The big picture issue here is that dev->struct_mutex goes back to the dark
ages of drm and has ridiculous amounts of legacy baggage attached.
Furthermore we have a big locking rework mid-term on our plate to fix a
few issues in the gem code - we need to switch to per-object locking.
So any patch which extends the coverage of dev->struct_mutex to new areas,
beyond what it currently protects (namely gem object state + the various
tracking lists) is a no-go. Also, the locking should be made as tight as
possible. For an example see i915_reset which grabs the lock only around
the the restoration of gem state.
We're already in a rather awkwardly deep hole with dev->struct_mutex, I
prefer to not dig an inch deeper.
> +
> + if (reset_requests & I915_GLOBAL_RESET_REQUEST) {
> + DRM_DEBUG_DRIVER("resetting chip\n");
> + kobject_uevent_env(&dev->primary->kdev->kobj, KOBJ_CHANGE,
> + reset_event);
> +
> + /*
> + * All state reset _must_ be completed before we update the
> + * reset counter, for otherwise waiters might miss the reset
> + * pending state and not properly drop locks, resulting in
> + * deadlocks with the reset work.
> + * After all the gem state is reset, increment the reset
> + * counter and wake up everyone waiting for the reset to
> + * complete.
> + */
> + ret = i915_reset(dev);
> +
> + intel_display_handle_reset(dev);
> +
> + if (ret != 0)
> + atomic_set(&error->reset_counter, I915_WEDGED);
> + }
> +
> + /* Only increment reset counter if no new work has been added
> + * since we sampled reset_requests. If more work has been
> + * added then i915_error_work_func will be scheduled again so
> + * leave the in-progress flag set.
> */
> - i915_error_wake_up(dev_priv, true);
> + if (!i915_terminally_wedged(error)) {
> + spin_lock_irqsave(&error->lock, irqflags);
> + if (error->reset_requests == 0) {
> + /* Since unlock operations are a one-sided barrier only,
> + * we need to insert a barrier here to order any seqno
> + * updates before the counter increment.
> + */
> + smp_mb__before_atomic_inc();
> + atomic_inc(&error->reset_counter);
> + }
> + spin_unlock_irqrestore(&error->lock, irqflags);
> +
> + /*
> + * Note: The wake_up also serves as a memory barrier so that
> + * waiters see the update value of the reset counter atomic_t.
> + */
> + i915_error_wake_up(dev_priv, true);
> + }
> +
> + /* Send uevent to indicate that we have finished recovery work*/
> + kobject_uevent_env(&dev->primary->kdev->kobj,
> + KOBJ_CHANGE, reset_done_event);
For patch readability I think we should split out the changing to pass the
parameter around (which mandates the shift in indentation) from the actual
wiring up of the per-ring reset. Unfortunately indent shifts wreak utter
havoc with diffs, so it's good to separate out any real functional changes
to make them stand out better.
> }
> }
>
> @@ -2379,13 +2433,25 @@ static void i915_report_and_clear_eir(struct drm_device *dev)

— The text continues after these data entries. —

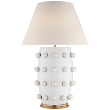 Täydennä ilmettäsi hauskalla ja tyylikkäällä Linden-pöytävalaisimella. Pienillä palloilla koristeltu keraaminen runko korostaa tämän kappaleen leikkisyyttä ja on viimeistelty kipsin valkoiseksi. Messinkikorostukset ja luonnollinen pellavavarjostin ovat täydellinen viimeistely tälle showtopperille.
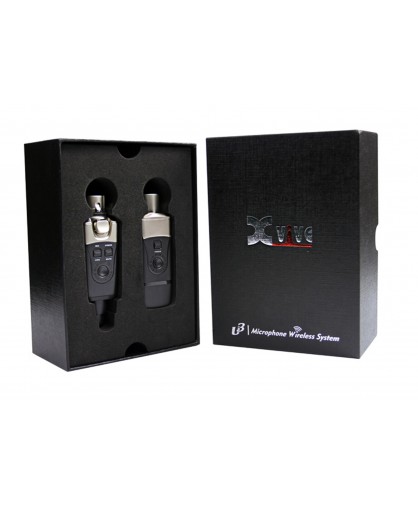Système sans-fil pour micro U3, émetteur et récepteur rechargeables fonctionnant sur la bande de fréquence 2.4 GHz, bouton Mic/Line sur transmetteur, conversion A/D 24-bit/48kHz, transmission numérique non compressée, 6 canaux, portée jusqu'à 20 m (sans obstacles), réponse en fréquence : 20Hz à 20 kHz, latence inférieure à 5 ms, plage dynamique 110 dB, environ 5 heures d'autonomie, câble USB inclus, boitiers robustes en ABS, poids : 95g par unité.
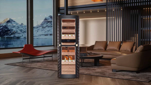 Afidano 1200 Count cigar humidor is made of Spanish Cedar and a low-E glass door equipped with an original HPR temperature and humidity constant system to give your cigar a relaxed and comfortable space for fermentation. At the same time, Afidano cigar humidors can be controlled by our APP. It is also equipped with a fingerprint lock to protect the cigars.
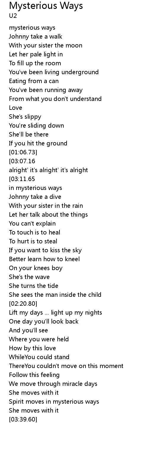 [03:22.26][03:11.65][03:02.87][01:56.48][01:48.33][01:02.69][00:52.87] She moves in mysterious ways
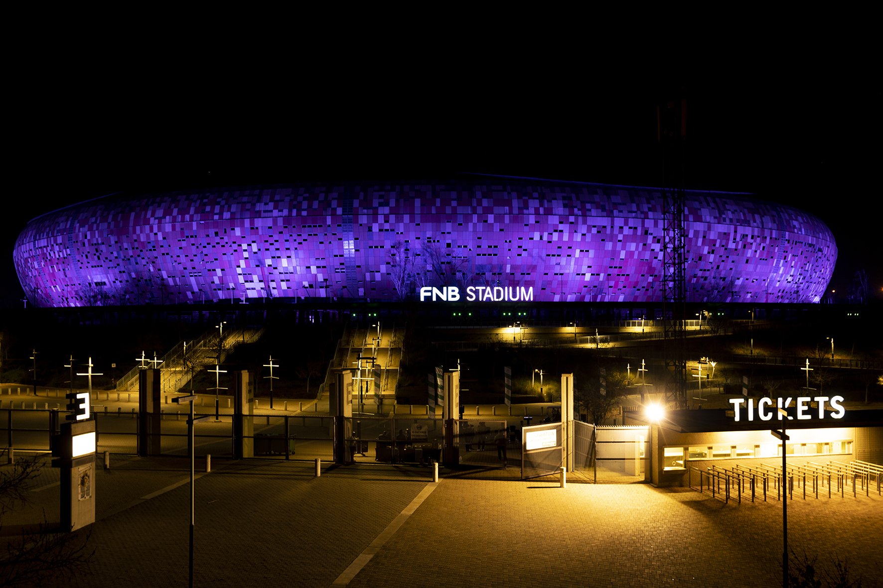 FNB Stadium is photographed lit up in Johannesburg, South Africa.
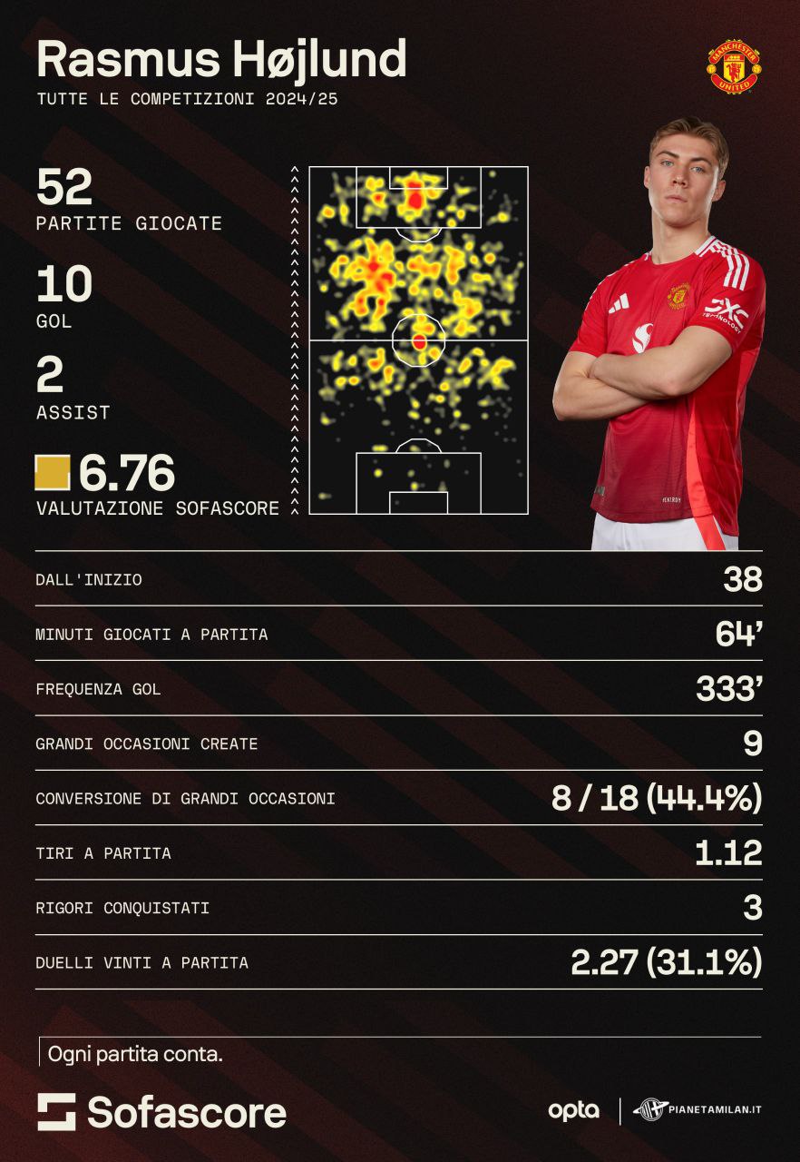 Per il danese 10 gol e due assist. Come detto, i numeri offensivi non vanno proprio a suo favore: il Milan starebbe cercando una prima punta d'area di rigore, un giocatore in grado di segnare con costanza e cinismo. Hojlund, almeno analizzando questi numeri, non sembrerebbe essere la punta giusta per le esigenze rossonere.
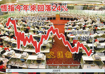 東驥投資董事總經(jīng)理龐寶林亦指,雖然經(jīng)約9個(gè)月的大幅下跌后,中國(guó)股市的估值已變得吸引,但宏觀環(huán)境仍很不明朗,內(nèi)地企業(yè)盈利未來(lái)或轉(zhuǎn)差,因此港股在9月反彈過后,未來(lái)3至6個(gè)月料會(huì)反復(fù),并向下尋底。他表示,內(nèi)地樓價(jià)持續(xù)下跌,是未來(lái)一大風(fēng)險(xiǎn)因素,今年內(nèi)地部分城市樓價(jià)已下跌達(dá)20%至30%。
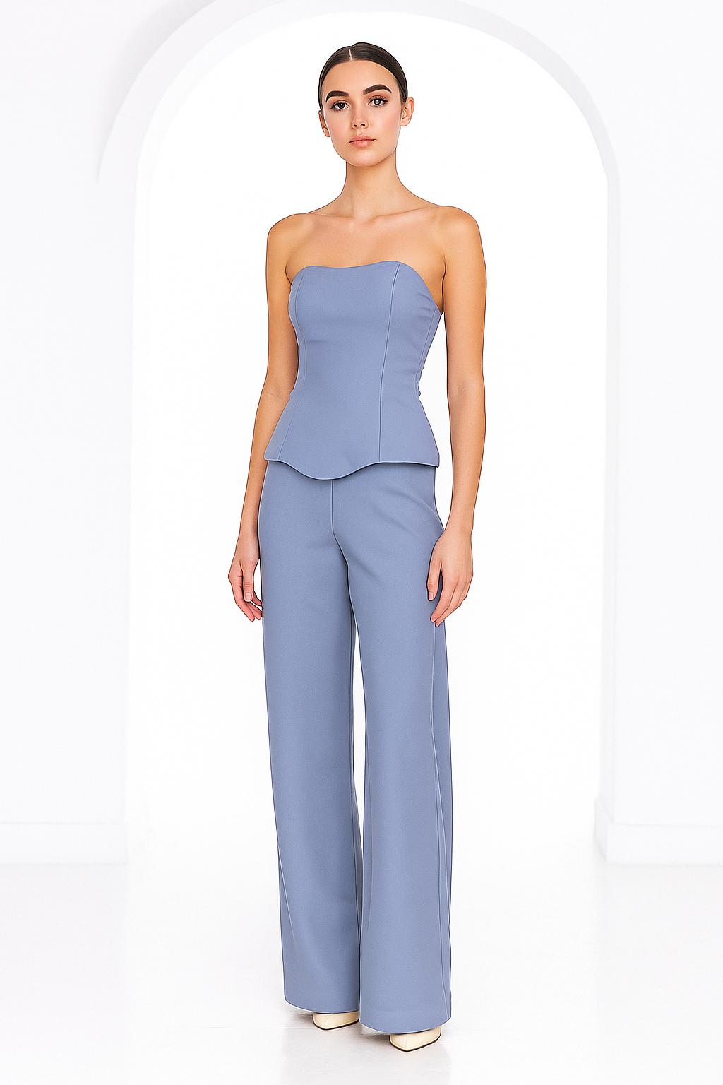 Wave ended corset top with wide-leg pants in the color baby blue
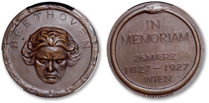 奥地利1927年“贝多芬逝世一百周年”纪念铜章一枚,高浮雕,工艺精美,金盾 PCGS SP64(86280316)
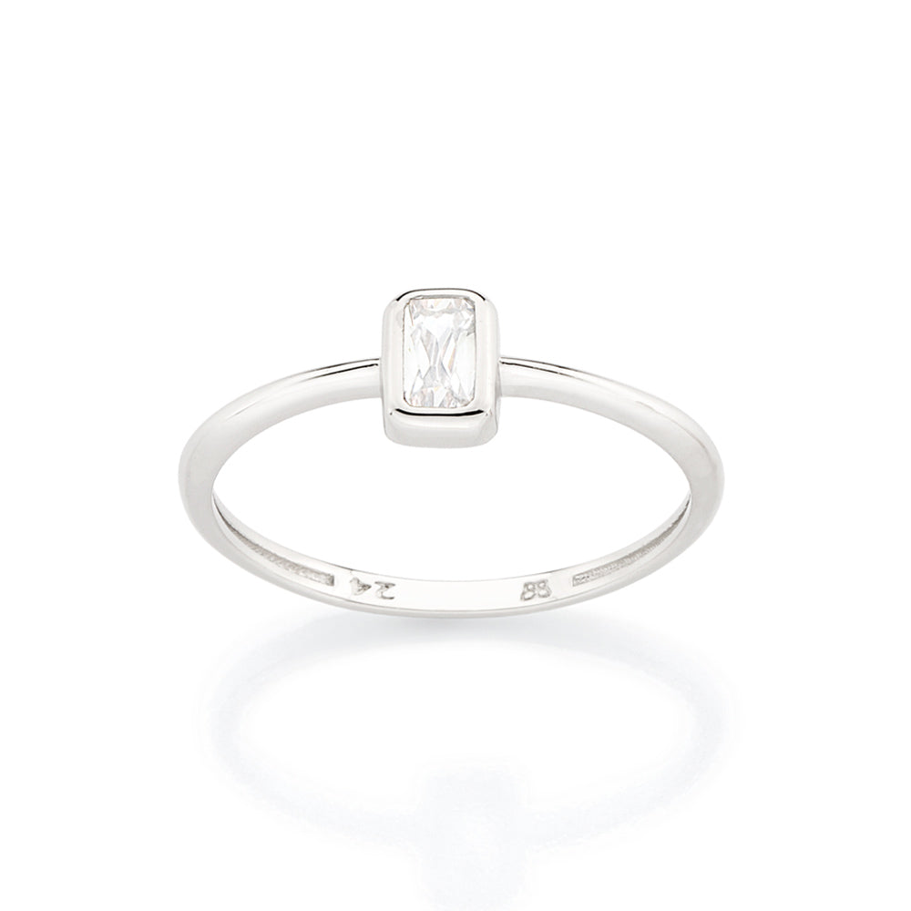 Platinum solitaire ring composed of 1 white rectangular zirconia measuring 5x3mm.
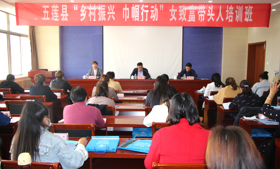 为深入学习贯彻习近平总书记在山东代表团关于实施乡村振兴战略的重要讲话精神,全面落实上级妇联关于实施乡村振兴战略的工作部署,培养一批积极建设美丽乡村、发展农业产业和乡村旅游的农村女带头人,指导基层妇联组织大力开展乡村振兴巾帼行动,引领带动妇女为实施乡村振兴战略贡献巾帼力量,10月20日下午,由五莲县妇女联合会主办,蓝鲸体育承办的五莲县“乡村振兴 巾帼行动”女致富带头人培训班,在蓝鲸体育开班。
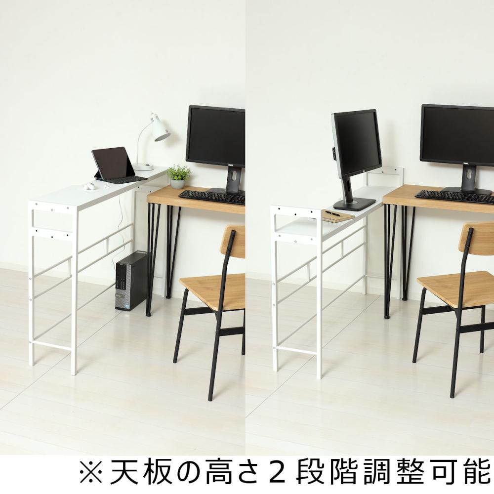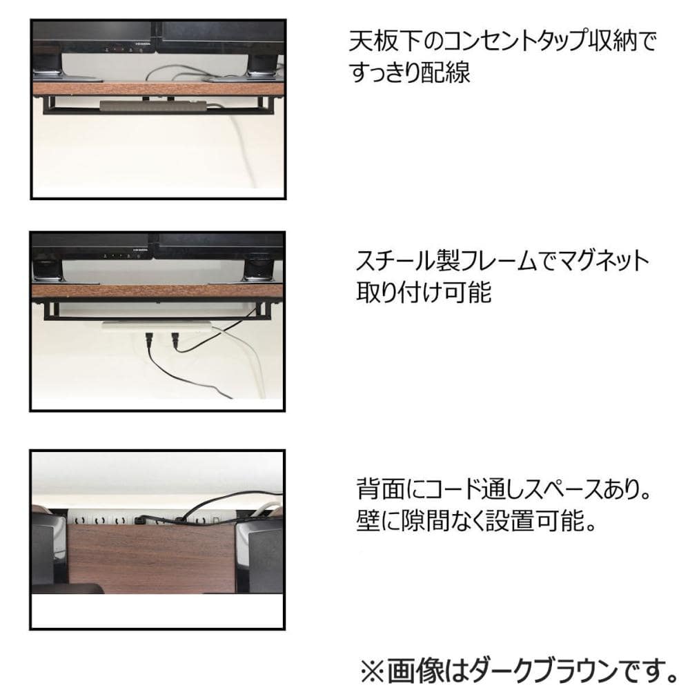 ■モニターが2台置けるので家で仕事をする方やゲームをする方にもおすすめです。 ■天板下にコンセントタップ収納があり、すっきりと配線ができます。背面にはコード通しのスペースがあるので、コードを使用しても壁面に隙間なく設置が可能。 ■天板を2段階に高さ調節が可能です。 ■アジャスター付きなので多少のガタ付きも微調整できます。
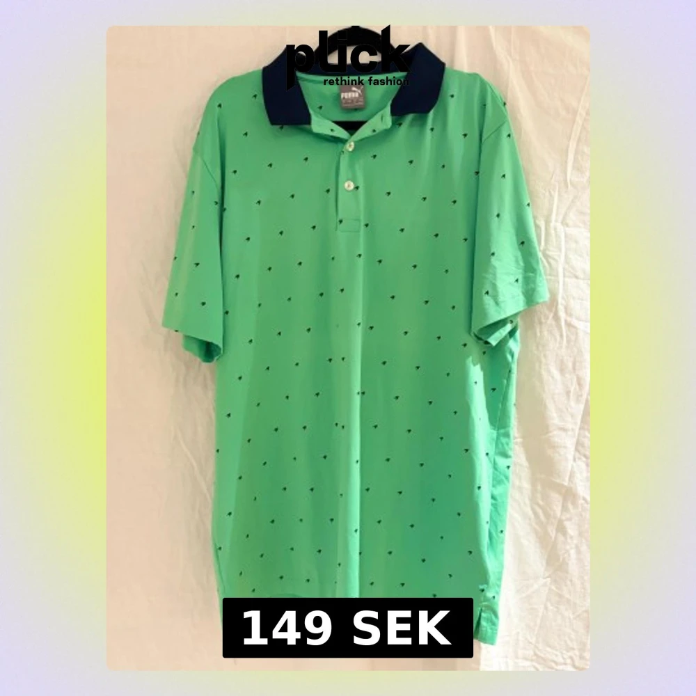 Snygg grön pikétröja från Puma med mörkblå krage och små svarta mönster över hela tröjan. Tröjan har korta ärmar, knappar framtill och Puma-logga på ärmen. Perfekt för en sportig och avslappnad stil.
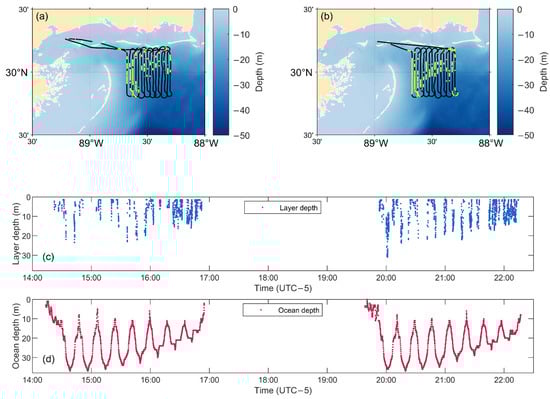 The maps of layer distribution and layer depth variation with time in the two detections on 4 October. (a) Layer distribution of the first detection. The black line is the flight route. The yellow lines are the positions where thin layers were detected; (b) Layer distribution of the second detection. The black line is the flight route. The yellow lines are the positions where thin layers were detected; (c) Layer depth variation during both detections; (d) Ocean depth variation during both detections.

> void i915_handle_error(struct drm_device *dev, u32 mask)
> {
> struct drm_i915_private *dev_priv = dev->dev_private;
> + unsigned long irqflags;
>
> i915_capture_error_state(dev);
> i915_report_and_clear_eir(dev);
>
> - if (mask > 0) {
> + if (mask) {
> + /* Once the error work function executes it will sample the
> + * current value of reset_requests and start processing them.
> + * If we detect another hang before it completes then we need
> + * to ensure that it doesn't clear the IN_PROGRESS flag
> + * prematurely as the rest of the driver relies on reset_counter
> + * alone. A spinlock is used to synchronise between reset_counter
> + * and reset_requests.
> + */
> + spin_lock_irqsave(&dev_priv->gpu_error.lock, irqflags);
> + dev_priv->gpu_error.reset_requests = mask;
> atomic_set_mask(I915_RESET_IN_PROGRESS_FLAG,
> - &dev_priv->gpu_error.reset_counter);
> + &dev_priv->gpu_error.reset_counter);
> + spin_unlock_irqrestore(&dev_priv->gpu_error.lock, irqflags);
>
> /*
> * Wakeup waiting processes so that the reset work function
> @@ -2405,9 +2471,13 @@ void i915_handle_error(struct drm_device *dev, u32 mask)
>
> /*
> * Our reset work can grab modeset locks (since it needs to reset the
> - * state of outstanding pagelips). Hence it must not be run on our own
> - * dev-priv->wq work queue for otherwise the flush_work in the pageflip
> - * code will deadlock.
> + * state of outstanding pageflips). Hence it must not be run on our own
> + * dev_priv->wq work queue for otherwise the flush_work in the pageflip
> + * code will deadlock. If error_work is already in the work queue then
> + * it will not be added again. If it isn't in the queue or it is
> + * currently executing then this call will add it the queue again so
> + * that even if it misses the reset flags during the current call it
> + * is guaranteed to see them on the next call.
> */
> schedule_work(&dev_priv->gpu_error.work);
> }
> @@ -2921,12 +2991,12 @@ static void i915_hangcheck_elapsed(unsigned long data)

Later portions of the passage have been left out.